> _What is expected_
Using the data that follows, give again word for word the lines between the one holding "Механизм Systeme Electric" and the one holding "Unter Wasser jedoch", inclusive. Omit the pictures.

> _Data for processing_
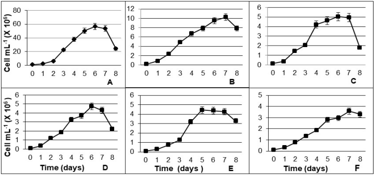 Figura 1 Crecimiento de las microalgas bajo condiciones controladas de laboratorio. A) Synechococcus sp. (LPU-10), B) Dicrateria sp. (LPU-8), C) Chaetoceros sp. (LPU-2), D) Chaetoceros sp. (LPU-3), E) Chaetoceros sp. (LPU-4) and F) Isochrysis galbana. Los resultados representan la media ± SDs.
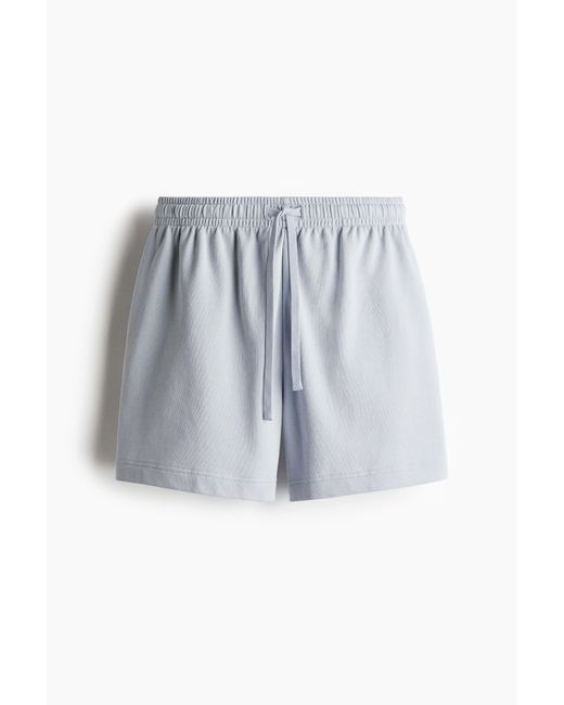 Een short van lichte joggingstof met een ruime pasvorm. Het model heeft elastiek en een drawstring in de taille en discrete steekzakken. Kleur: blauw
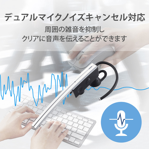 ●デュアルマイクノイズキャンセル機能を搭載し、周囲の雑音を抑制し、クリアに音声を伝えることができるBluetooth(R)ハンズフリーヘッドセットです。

* * *

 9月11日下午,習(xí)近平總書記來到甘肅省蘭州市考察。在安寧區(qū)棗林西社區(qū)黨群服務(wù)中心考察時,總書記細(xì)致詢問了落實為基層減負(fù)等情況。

---

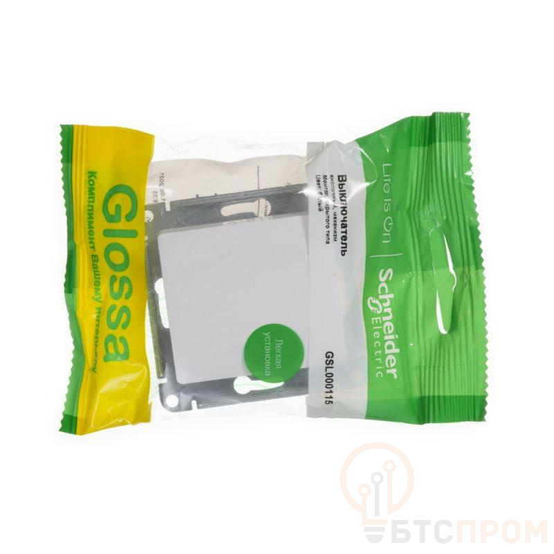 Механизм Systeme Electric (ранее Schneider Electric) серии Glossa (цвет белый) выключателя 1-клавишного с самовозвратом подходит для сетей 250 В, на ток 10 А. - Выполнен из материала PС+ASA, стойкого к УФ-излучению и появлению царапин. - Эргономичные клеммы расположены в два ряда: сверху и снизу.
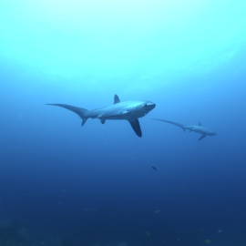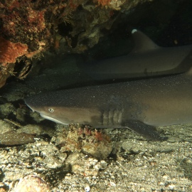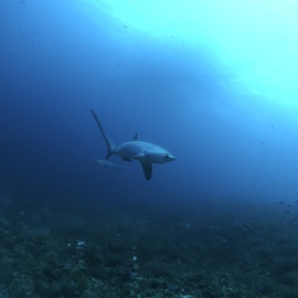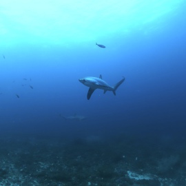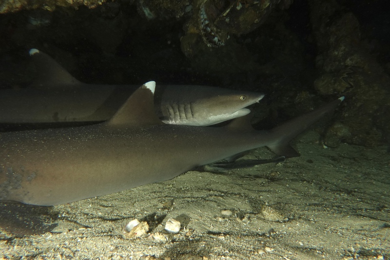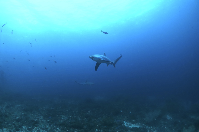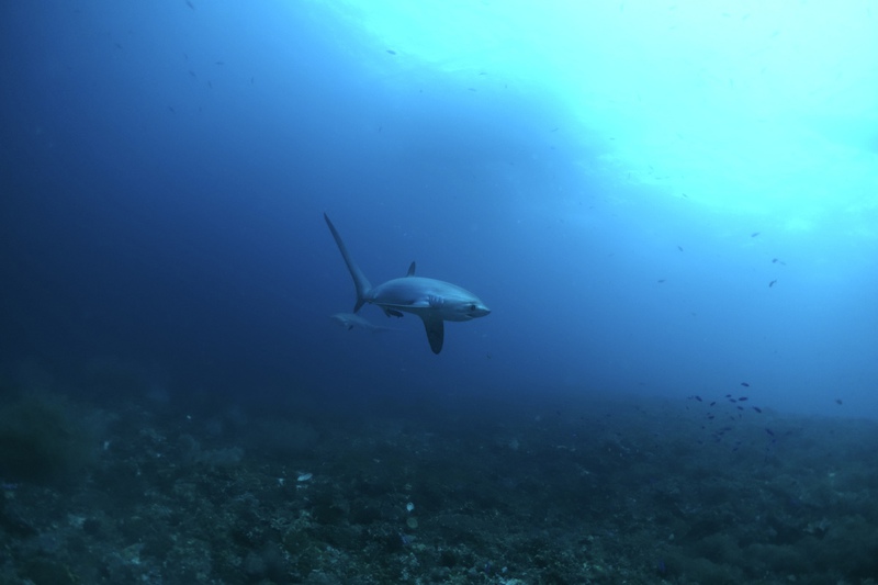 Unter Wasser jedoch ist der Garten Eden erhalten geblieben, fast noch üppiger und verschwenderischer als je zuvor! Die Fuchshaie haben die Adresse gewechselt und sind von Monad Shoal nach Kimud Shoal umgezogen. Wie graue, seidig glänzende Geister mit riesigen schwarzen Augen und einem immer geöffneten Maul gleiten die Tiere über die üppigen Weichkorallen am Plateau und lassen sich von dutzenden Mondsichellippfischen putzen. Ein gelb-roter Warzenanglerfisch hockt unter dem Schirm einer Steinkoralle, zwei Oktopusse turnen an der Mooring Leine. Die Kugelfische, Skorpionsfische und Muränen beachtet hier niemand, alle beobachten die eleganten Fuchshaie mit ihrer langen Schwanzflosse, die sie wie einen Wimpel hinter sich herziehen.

> _Task solution_
 Механизм Systeme Electric (ранее Schneider Electric) серии Glossa (цвет белый) выключателя 1-клавишного с самовозвратом подходит для сетей 250 В, на ток 10 А. - Выполнен из материала PС+ASA, стойкого к УФ-излучению и появлению царапин. - Эргономичные клеммы расположены в два ряда: сверху и снизу.
 Unter Wasser jedoch ist der Garten Eden erhalten geblieben, fast noch üppiger und verschwenderischer als je zuvor! Die Fuchshaie haben die Adresse gewechselt und sind von Monad Shoal nach Kimud Shoal umgezogen. Wie graue, seidig glänzende Geister mit riesigen schwarzen Augen und einem immer geöffneten Maul gleiten die Tiere über die üppigen Weichkorallen am Plateau und lassen sich von dutzenden Mondsichellippfischen putzen. Ein gelb-roter Warzenanglerfisch hockt unter dem Schirm einer Steinkoralle, zwei Oktopusse turnen an der Mooring Leine. Die Kugelfische, Skorpionsfische und Muränen beachtet hier niemand, alle beobachten die eleganten Fuchshaie mit ihrer langen Schwanzflosse, die sie wie einen Wimpel hinter sich herziehen.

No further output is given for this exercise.